## WHAT TO WORK ON
Write out the lines below exactly, beginning at the one with "Swiss Nutrition &Food" and stopping after the one with "Ziondon made. Putniture, ■"; the pictures are not copied.

START ENTRIES SHOWN

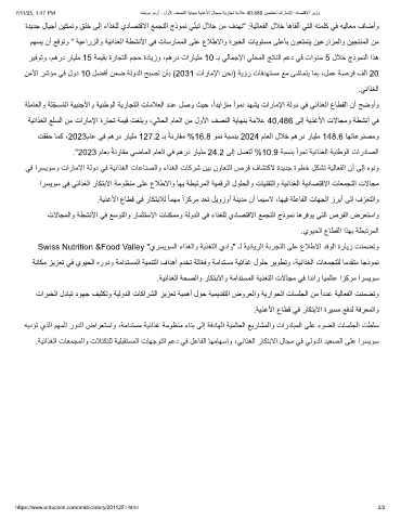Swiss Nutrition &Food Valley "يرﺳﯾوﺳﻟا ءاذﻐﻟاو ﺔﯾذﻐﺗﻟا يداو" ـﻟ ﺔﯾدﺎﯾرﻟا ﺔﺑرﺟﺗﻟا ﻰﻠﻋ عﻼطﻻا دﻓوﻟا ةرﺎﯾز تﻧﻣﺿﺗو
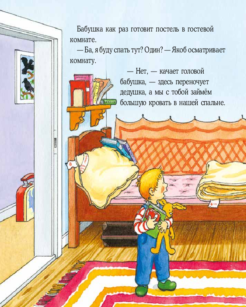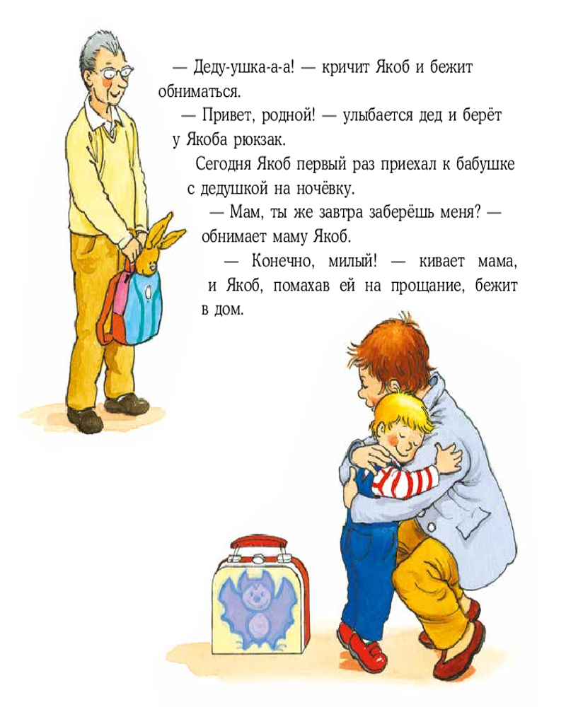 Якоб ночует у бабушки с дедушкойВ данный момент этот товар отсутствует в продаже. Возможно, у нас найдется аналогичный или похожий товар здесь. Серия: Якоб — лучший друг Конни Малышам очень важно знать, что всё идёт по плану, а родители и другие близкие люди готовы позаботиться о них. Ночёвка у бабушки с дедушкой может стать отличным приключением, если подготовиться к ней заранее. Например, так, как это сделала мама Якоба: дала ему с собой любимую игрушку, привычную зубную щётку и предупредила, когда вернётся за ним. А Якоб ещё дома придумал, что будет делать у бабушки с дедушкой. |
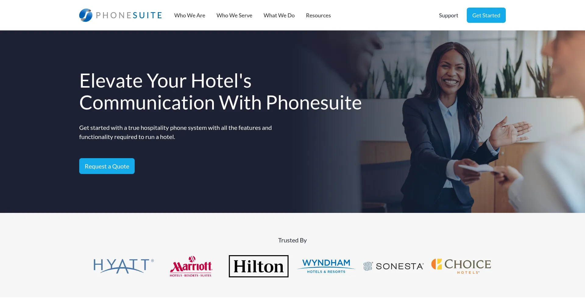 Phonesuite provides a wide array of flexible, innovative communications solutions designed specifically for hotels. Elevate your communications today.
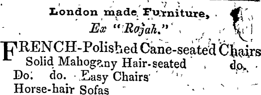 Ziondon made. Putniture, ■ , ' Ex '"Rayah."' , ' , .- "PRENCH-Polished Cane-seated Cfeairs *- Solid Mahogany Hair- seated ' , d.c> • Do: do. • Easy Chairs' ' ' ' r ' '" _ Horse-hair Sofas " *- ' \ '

END ENTRIES SHOWN
START ENTRIES SHOWN

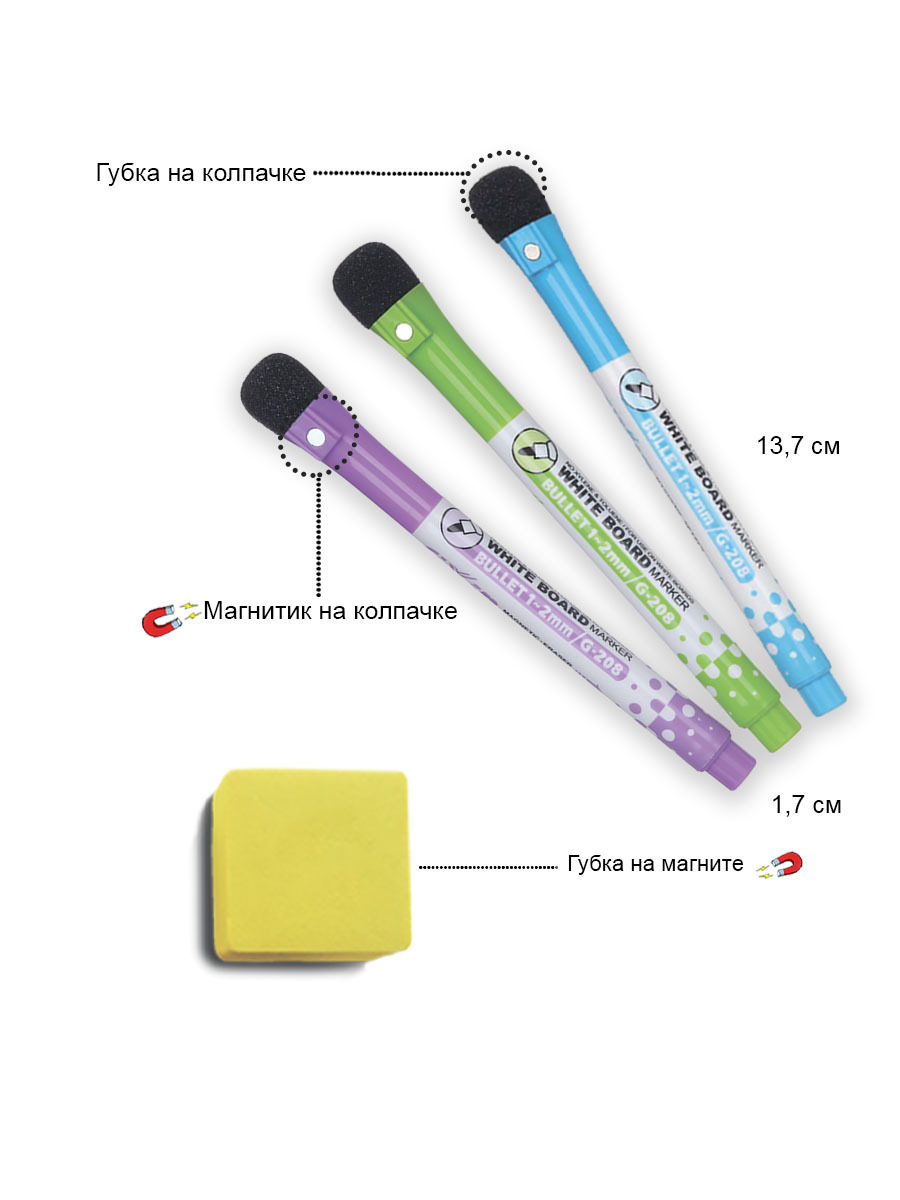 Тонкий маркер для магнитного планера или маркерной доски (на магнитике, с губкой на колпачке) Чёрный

END ENTRIES SHOWN

## REPLY TO THE EXERCISE
Swiss Nutrition &Food Valley "يرﺳﯾوﺳﻟا ءاذﻐﻟاو ﺔﯾذﻐﺗﻟا يداو" ـﻟ ﺔﯾدﺎﯾرﻟا ﺔﺑرﺟﺗﻟا ﻰﻠﻋ عﻼطﻻا دﻓوﻟا ةرﺎﯾز تﻧﻣﺿﺗو
 Якоб ночует у бабушки с дедушкойВ данный момент этот товар отсутствует в продаже. Возможно, у нас найдется аналогичный или похожий товар здесь. Серия: Якоб — лучший друг Конни Малышам очень важно знать, что всё идёт по плану, а родители и другие близкие люди готовы позаботиться о них. Ночёвка у бабушки с дедушкой может стать отличным приключением, если подготовиться к ней заранее. Например, так, как это сделала мама Якоба: дала ему с собой любимую игрушку, привычную зубную щётку и предупредила, когда вернётся за ним. А Якоб ещё дома придумал, что будет делать у бабушки с дедушкой. |
 Phonesuite provides a wide array of flexible, innovative communications solutions designed specifically for hotels. Elevate your communications today.
 Ziondon made. Putniture, ■ , ' Ex '"Rayah."' , ' , .- "PRENCH-Polished Cane-seated Cfeairs *- Solid Mahogany Hair- seated ' , d.c> • Do: do. • Easy Chairs' ' ' ' r ' '" _ Horse-hair Sofas " *- ' \ '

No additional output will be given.